## Exercise details
The data below is to be transcribed word for word; pictures are to be excluded.

::: Given material :::

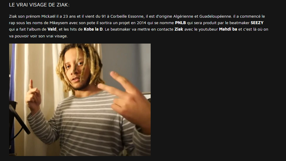 Son ancien nom de scène a d’abord été Mikeysem mais il a choisi de le changer en Ziak https://www.gentsu.fr/rap-fr/artiste/ziak
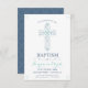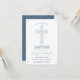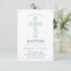 Este convite moderno de Christening ou Baptismo apresenta uma elegante cruz floral azul e verde. Ideal para a celebração religiosa de um bebê, pode ser personalizado com o nome do seu filho e os detalhes do evento. A cor de fundo também pode ser alterada para seu gosto.
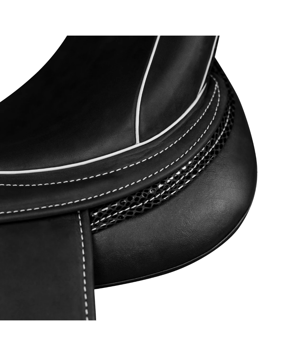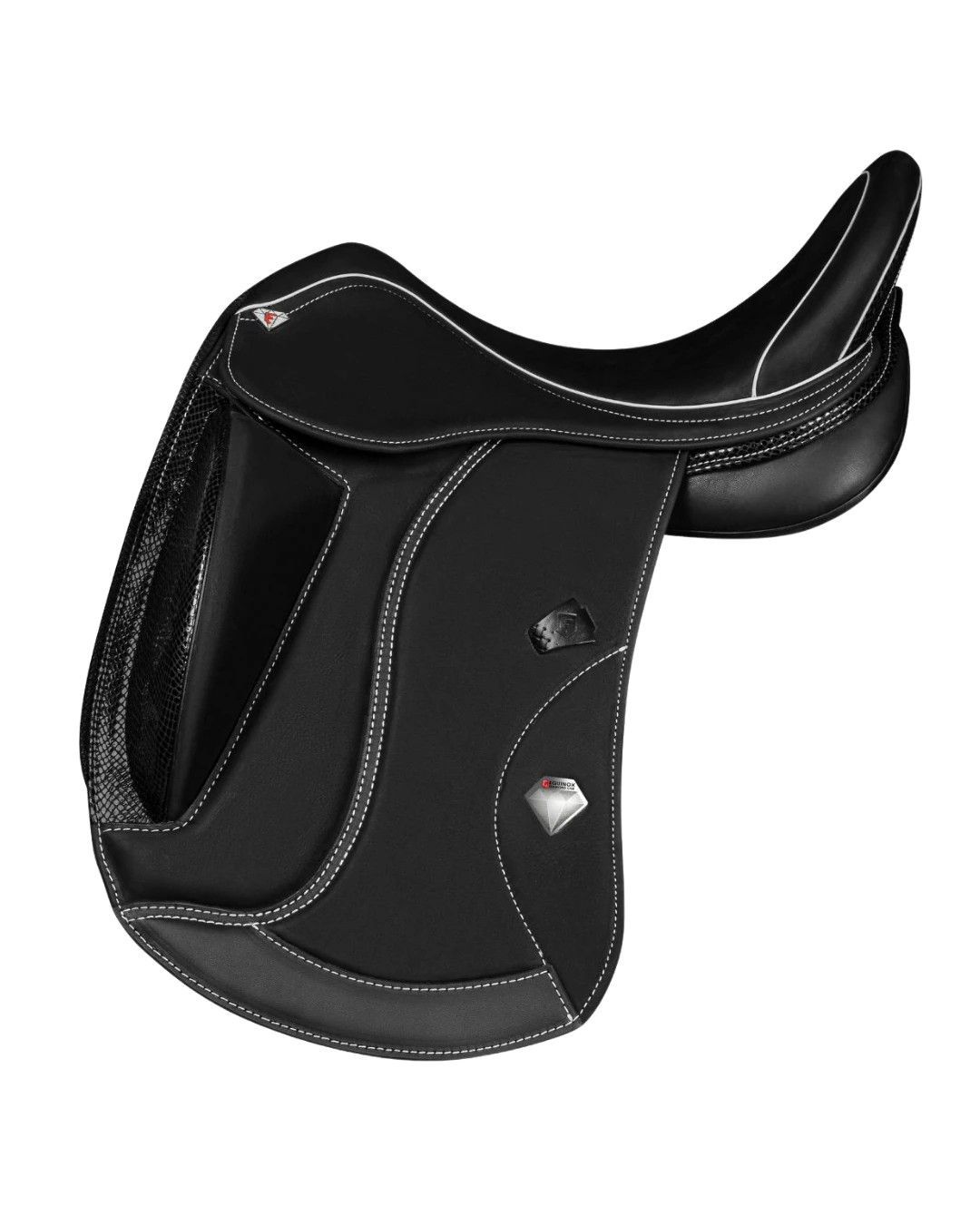 Der Sattel EQ S6.3 Diamond ist ein exklusiver Dressursattel, der klassische Eleganz mit modernen Technologien verbindet und maximalen Komfort sowie Präzision bietet. Er richtet sich an anspruchsvolle Reiter, die perfekte Passform, Unterstützung und volle Kontrolle über jede Bewegung des Pferdes erwarten. Der tiefe Sitz sorgt für Stabilität, hilft die optimale Position zu halten und ermöglicht subtile, aber effektive Kommunikation mit dem Pferd, was für präzise Dressur entscheidend ist.

:::

## Output for this task
 Son ancien nom de scène a d’abord été Mikeysem mais il a choisi de le changer en Ziak https://www.gentsu.fr/rap-fr/artiste/ziak
 Este convite moderno de Christening ou Baptismo apresenta uma elegante cruz floral azul e verde. Ideal para a celebração religiosa de um bebê, pode ser personalizado com o nome do seu filho e os detalhes do evento. A cor de fundo também pode ser alterada para seu gosto.
 Der Sattel EQ S6.3 Diamond ist ein exklusiver Dressursattel, der klassische Eleganz mit modernen Technologien verbindet und maximalen Komfort sowie Präzision bietet. Er richtet sich an anspruchsvolle Reiter, die perfekte Passform, Unterstützung und volle Kontrolle über jede Bewegung des Pferdes erwarten. Der tiefe Sitz sorgt für Stabilität, hilft die optimale Position zu halten und ermöglicht subtile, aber effektive Kommunikation mit dem Pferd, was für präzise Dressur entscheidend ist.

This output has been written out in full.